What the exercise asks: Nothing but the lines below from the one holding "아이콘을 끌어다 놓는" up to and including the one holding "- 6 different" should be copied, exactly and without pictures.

Available data:
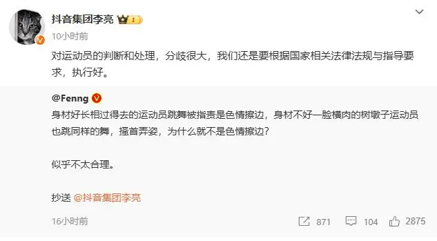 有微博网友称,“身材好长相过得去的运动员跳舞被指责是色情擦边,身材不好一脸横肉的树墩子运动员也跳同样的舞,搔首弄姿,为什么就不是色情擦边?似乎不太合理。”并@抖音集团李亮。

---

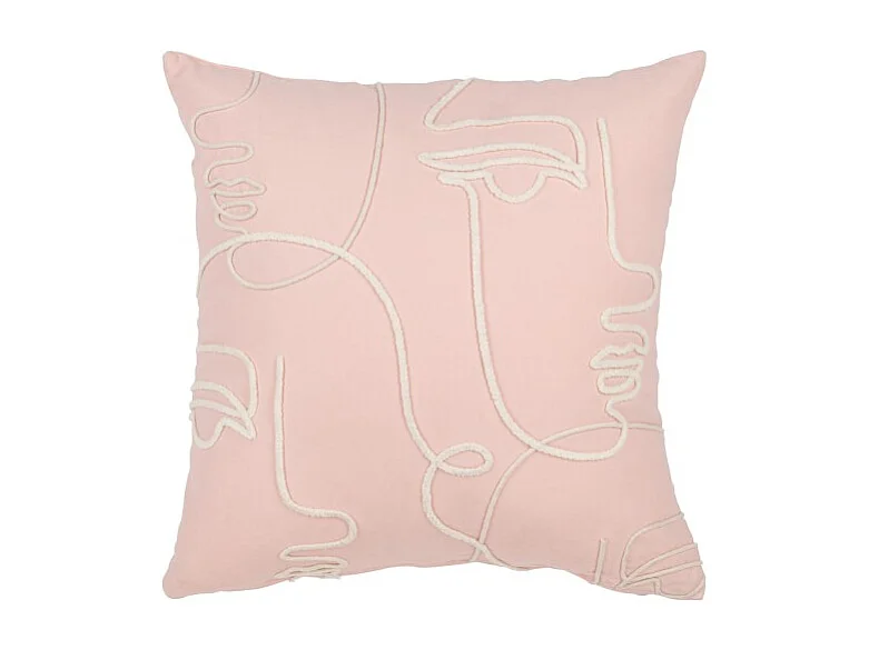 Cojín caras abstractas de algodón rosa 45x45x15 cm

* * *

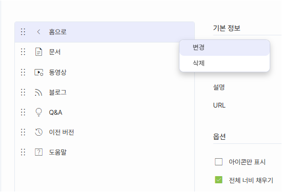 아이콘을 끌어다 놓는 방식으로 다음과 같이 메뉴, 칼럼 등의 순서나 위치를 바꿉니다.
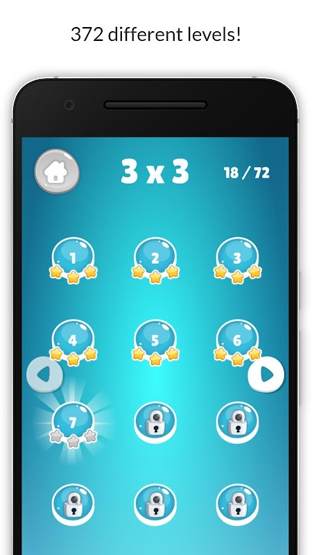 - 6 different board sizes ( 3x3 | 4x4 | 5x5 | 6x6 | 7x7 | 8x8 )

Solution below:
 아이콘을 끌어다 놓는 방식으로 다음과 같이 메뉴, 칼럼 등의 순서나 위치를 바꿉니다.
 - 6 different board sizes ( 3x3 | 4x4 | 5x5 | 6x6 | 7x7 | 8x8 )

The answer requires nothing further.